I don't see any substantial time difference between forward/reverse unpacking, so I suppose you're right about foldr.
import Criterion.Main
import qualified Data.Text as Text
forward = take 200 . Text.unpack
backward = take 200 . Text.foldr (:) []
main = defaultMain
[ bgroup "forward"
[ env (pure $ Text.replicate 1000 "abc") $ \t -> bench "1000" $ nf forward t
, env (pure $ Text.replicate 1000000 "abc") $ \t -> bench "1000000" $ nf forward t
, env (pure $ Text.replicate 1000000000 "abc") $ \t -> bench "1000000000" $ nf forward t
]
, bgroup "backward"
[ env (pure $ Text.replicate 1000 "abc") $ \t -> bench "1000" $ nf backward t
, env (pure $ Text.replicate 1000000 "abc") $ \t -> bench "1000000" $ nf backward t
, env (pure $ Text.replicate 1000000000 "abc") $ \t -> bench "1000000000" $ nf backward t
]
]benchmarking forward/1000
time 2.441 μs (2.396 μs .. 2.496 μs)
0.998 R² (0.996 R² .. 0.999 R²)
mean 2.418 μs (2.396 μs .. 2.454 μs)
std dev 94.17 ns (67.51 ns .. 130.5 ns)
variance introduced by outliers: 52% (severely inflated)
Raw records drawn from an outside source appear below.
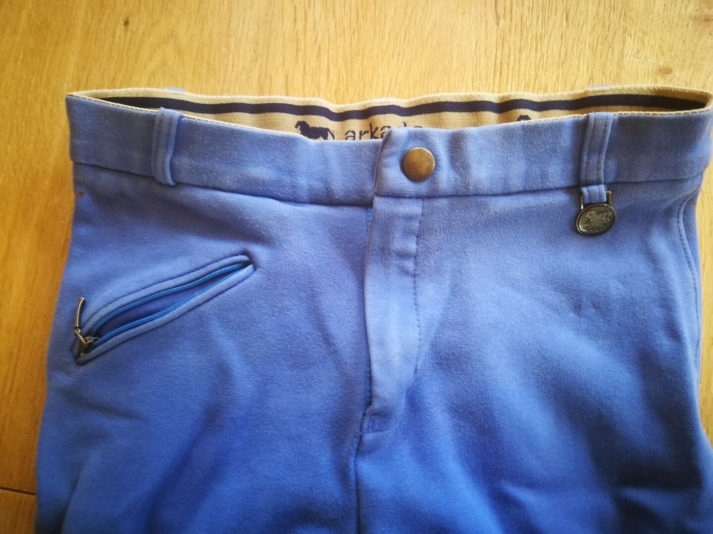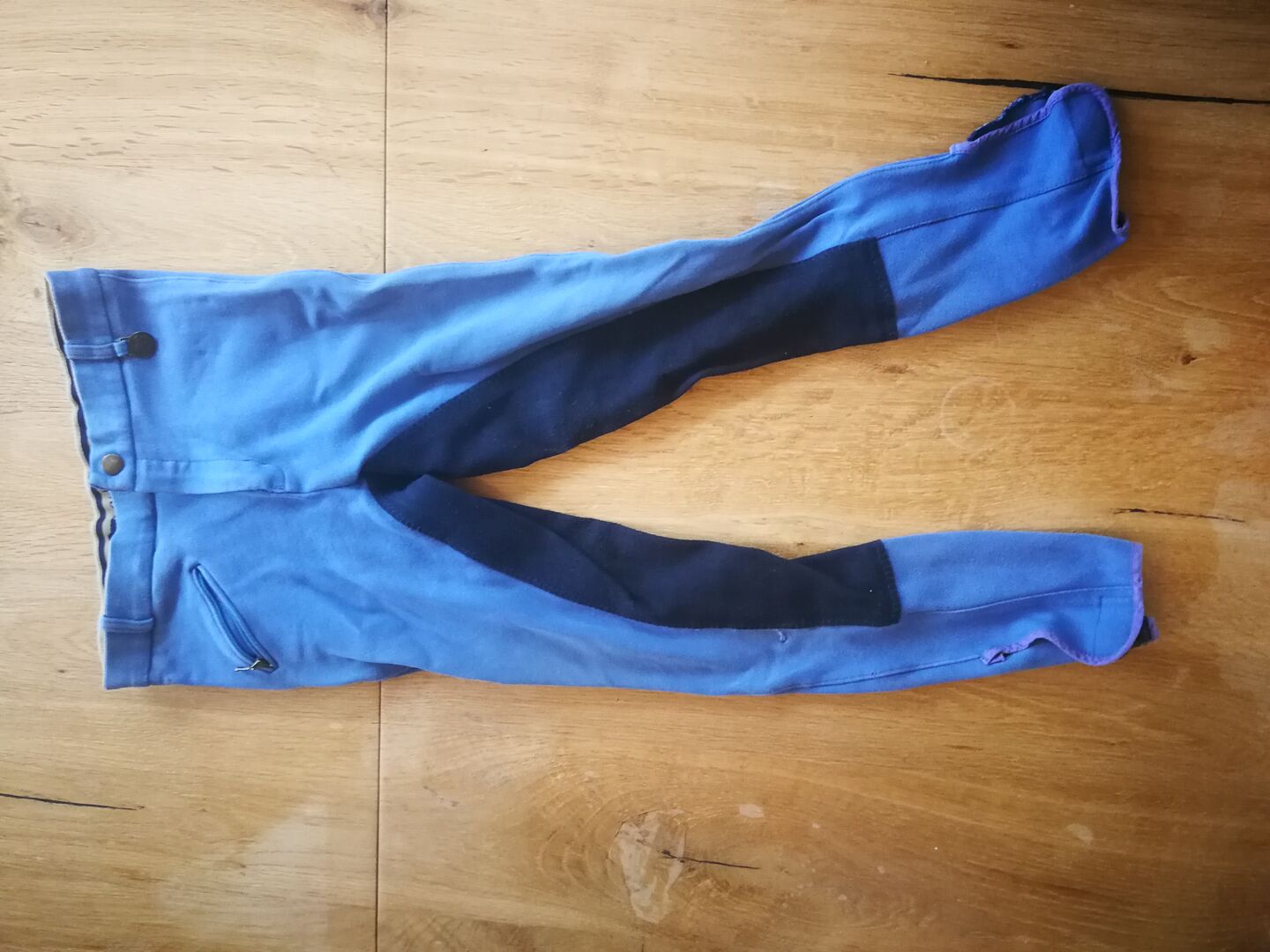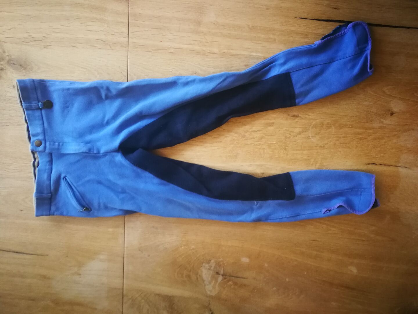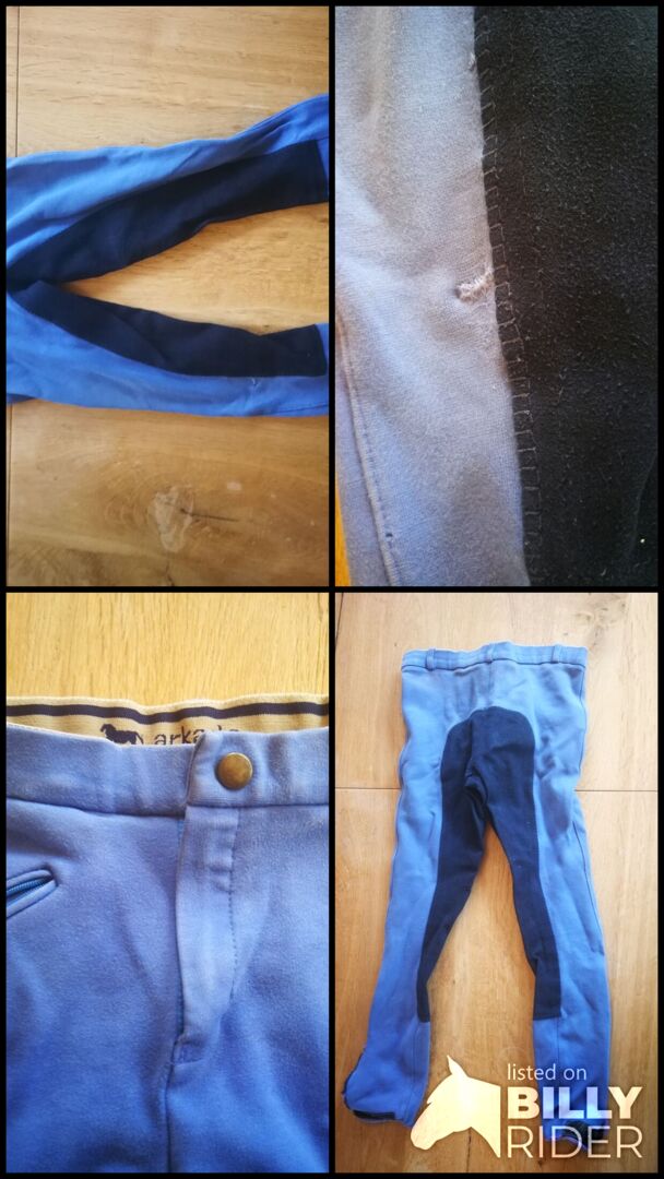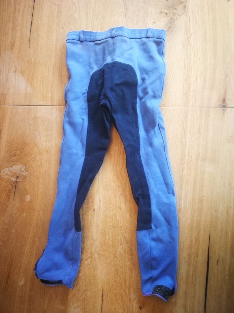 Piękne niebieskie bryczesy dziecięce rozmiar 140, raz zostały przeszyte na kolanie (patrz zdjęcie), nadal w dobrym stanie :)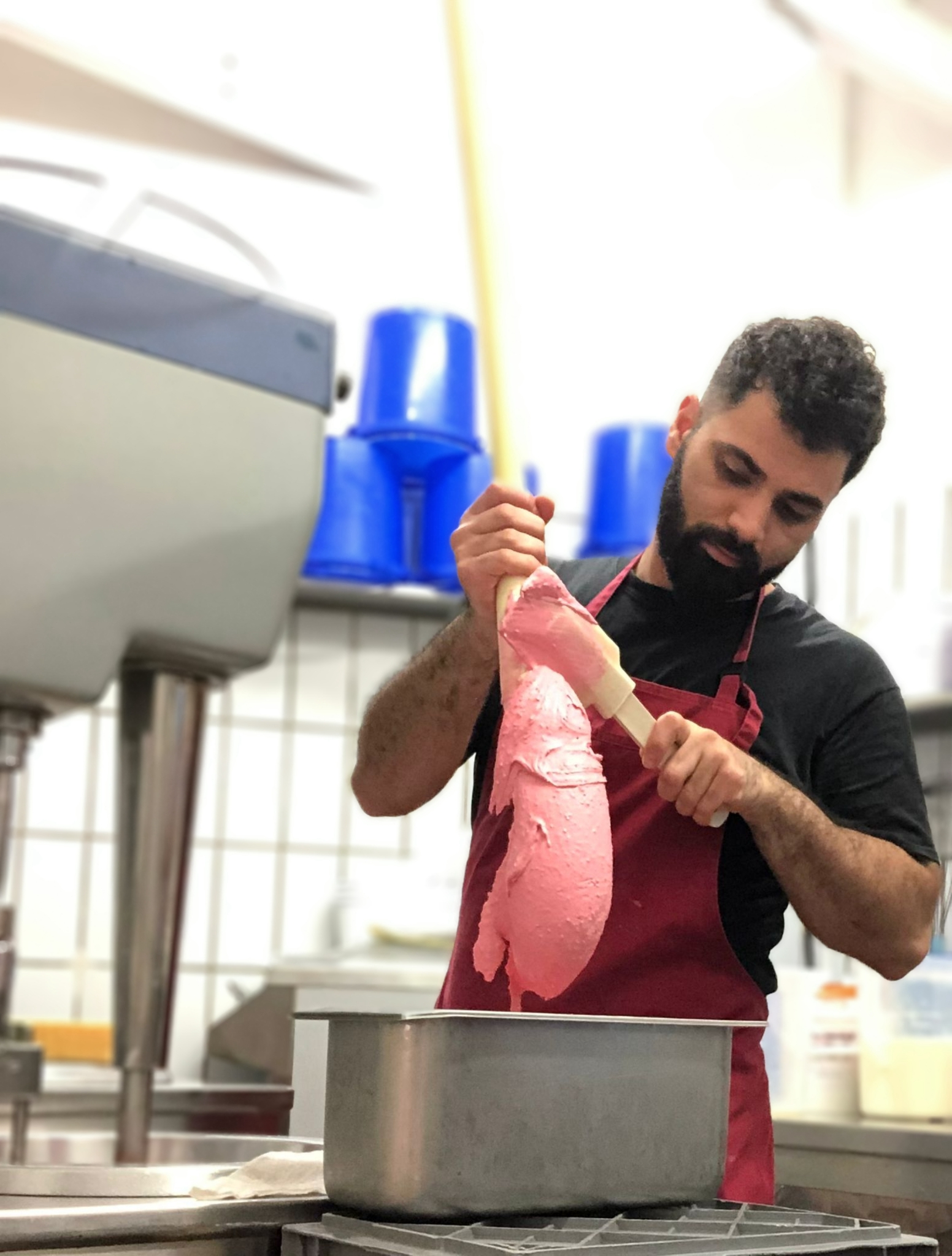 Doch Torsten ließ sich nicht entmutigen, kam in den Austausch mit seinen Kunden, entwickelte gemeinsam mit ihnen neue Ideen. So entstand zum Beispiel „Inkas Liebling“, weil Inka immer eine Kugel Vanille und eine Kugel Maracuja bestellte und diese dann miteinander verrührte… Nach wie vor ist Torsten dankbar für jedes Feedback – in seinem Team arbeiten inzwischen zwei weitere Konditoren und ein Bäcker, die gemeinsam mit ihm die aufwendigen Rezepturen entwickeln.
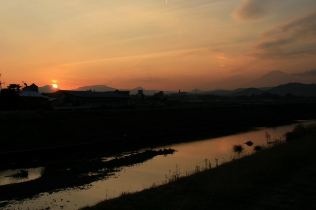 赤い太陽がまさに出ようとするところ、信号が長く感じる。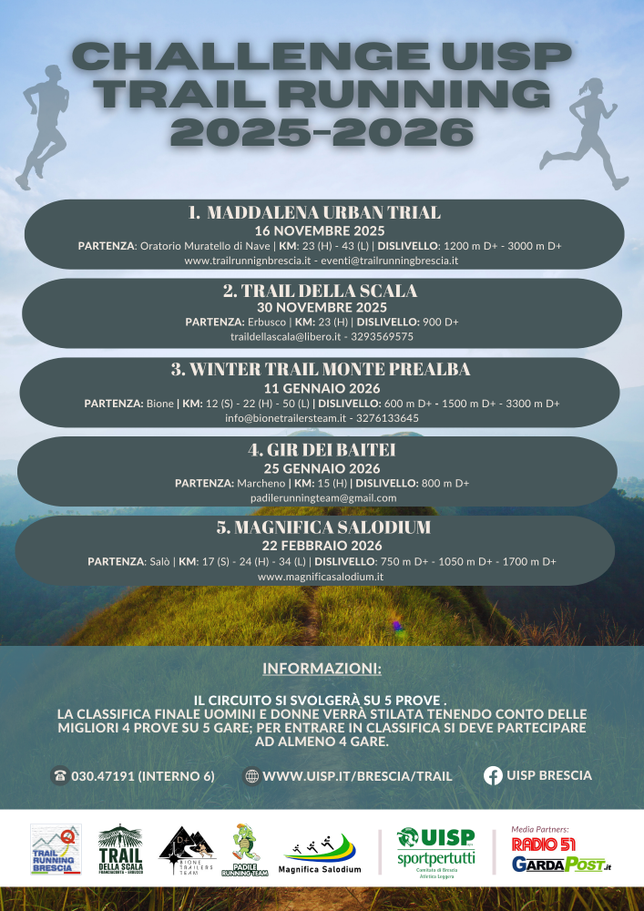 A novembre prenderà il via la nuova edizione del Challenge UISP Trail Running, l'edizione 2025/2026 del circuito di gare di trail running invernale-primaverile targato UISP Brescia.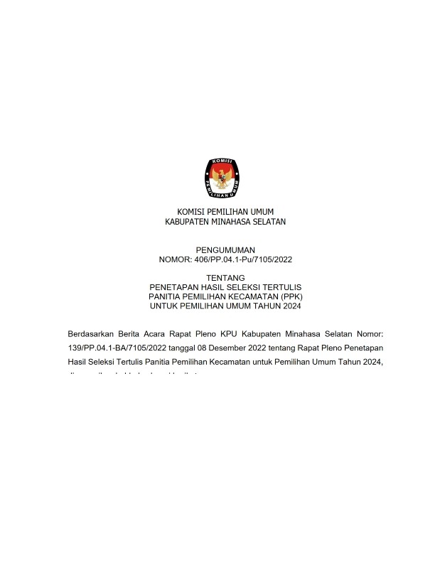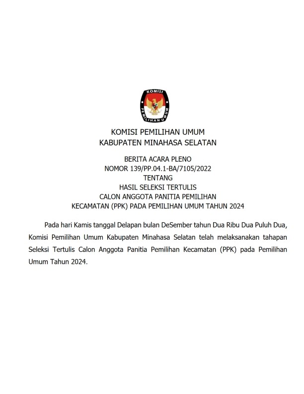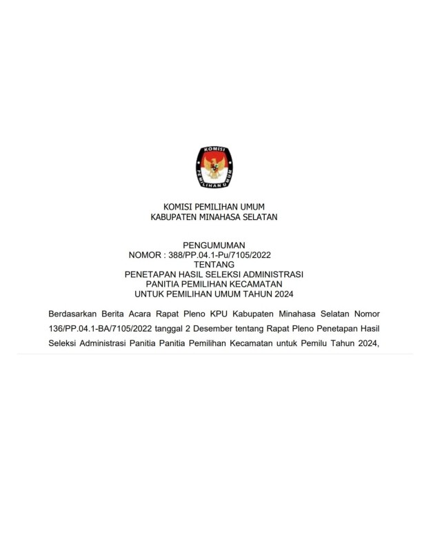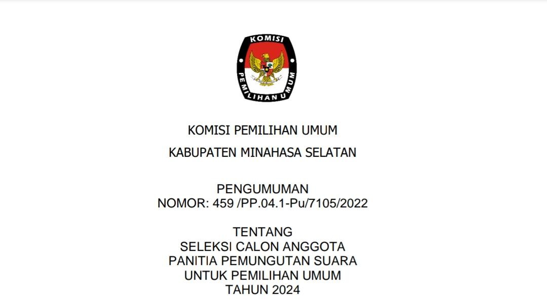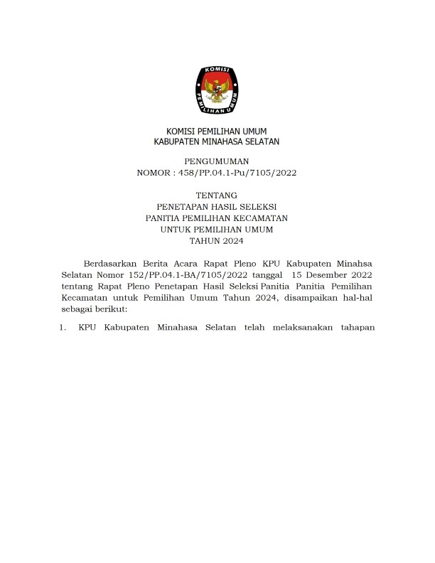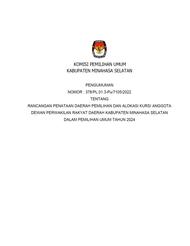 Amurang, 23/11/2022, Komisi Pemilihan Umum Kabupaten Minahasa Selatan hari ini mengumumkan Rancangan Penataan Daerah Pemilihan dan Alokasi Kursi Anggota Dewan Perwakilan Rakyat Daerah Minahasa Selatan dalam Pemilihan Umum Tahun 2024 berdasarkan Berita Acara Komisi Pemilihan Umum Minahasa Selatan Nomor : 132/PL.01.3-BA/7105/2022 tentang Rancangan Penataan Daerah Pemilihan dan Alokasi Kursi Anggota Dewan Perwakilan Rakyat Daerah Kabupaten Minahasa Selatan dalam Pemilihan Umum Tahun 2024, untuk itu diharapkan masyarakat dapat memberi tanggapan dan masukan sebagaimana tercantum dalam lampiran pengumuman ini.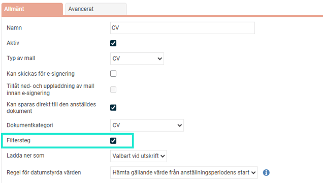 När du lägger upp din mall för CV går det också att ställa in om man vid utskrift av CV ska kunna välja vilka uppgifter som kommer med i utskriften. Detta kan vara användbart om du har gått en lång rad av kurser, men för ett visst projekt vill skapa ett CV som endast innehåller relevanta erfarenheter, kurser och kompetenser. För att möjliggöra filtrering vid utskrift kryssar du i valet Filtersteg.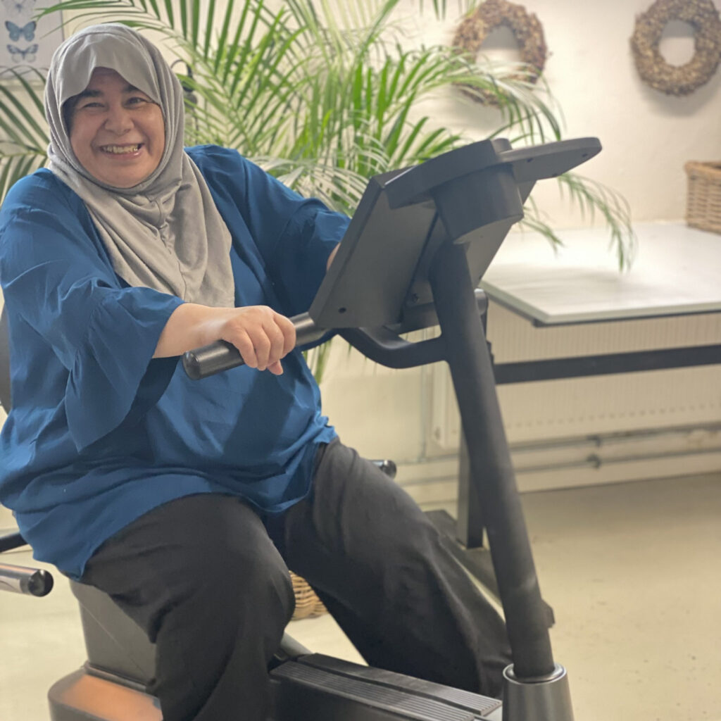 Vi har derfor en sidde-motionscykel, som gør træningen tilgængelig og tryg.

benchmarking forward/1000000
time 2.529 μs (2.482 μs .. 2.586 μs)
0.997 R² (0.995 R² .. 0.999 R²)
mean 2.520 μs (2.489 μs .. 2.582 μs)
std dev 139.6 ns (97.44 ns .. 199.7 ns)
variance introduced by outliers: 69% (severely inflated)
benchmarking forward/1000000000
time 2.466 μs (2.435 μs .. 2.501 μs)
0.999 R² (0.999 R² .. 1.000 R²)
mean 2.455 μs (2.440 μs .. 2.476 μs)
std dev 59.03 ns (41.70 ns .. 77.29 ns)
variance introduced by outliers: 29% (moderately inflated)
benchmarking backward/1000
time 2.499 μs (2.449 μs .. 2.552 μs)
0.997 R² (0.996 R² .. 0.999 R²)
mean 2.505 μs (2.469 μs .. 2.574 μs)
std dev 160.0 ns (97.61 ns .. 236.9 ns)
variance introduced by outliers: 74% (severely inflated)
benchmarking backward/1000000
time 2.490 μs (2.454 μs .. 2.529 μs)
0.998 R² (0.998 R² .. 0.999 R²)
mean 2.480 μs (2.458 μs .. 2.515 μs)
std dev 91.78 ns (59.58 ns .. 151.2 ns)
variance introduced by outliers: 49% (moderately inflated)
benchmarking backward/1000000000
time 2.467 μs (2.447 μs .. 2.495 μs)
0.999 R² (0.999 R² .. 1.000 R²)
mean 2.469 μs (2.453 μs .. 2.491 μs)
std dev 60.28 ns (46.57 ns .. 75.09 ns)
variance introduced by outliers: 30% (moderately inflated)
Perhaps all that I needed here was more clear documentation.
I had a brainfart moment. For a lazy reverse-into-string function, right now, the best safe solution seems to be using unsnoc as you did. Another way is to use Data.Text.Unsafe.reverseIter, which might be faster, or maybe not.
Ideally, I think a better solution would be provided by foldl (not foldr), but right now because all the folds go through stream, they all do left-to-right traversals. My point is that we could implement a lazy foldl as a right-to-left traversal, and that would give you lazy reverse-into-string without having to write a recursive function yourself.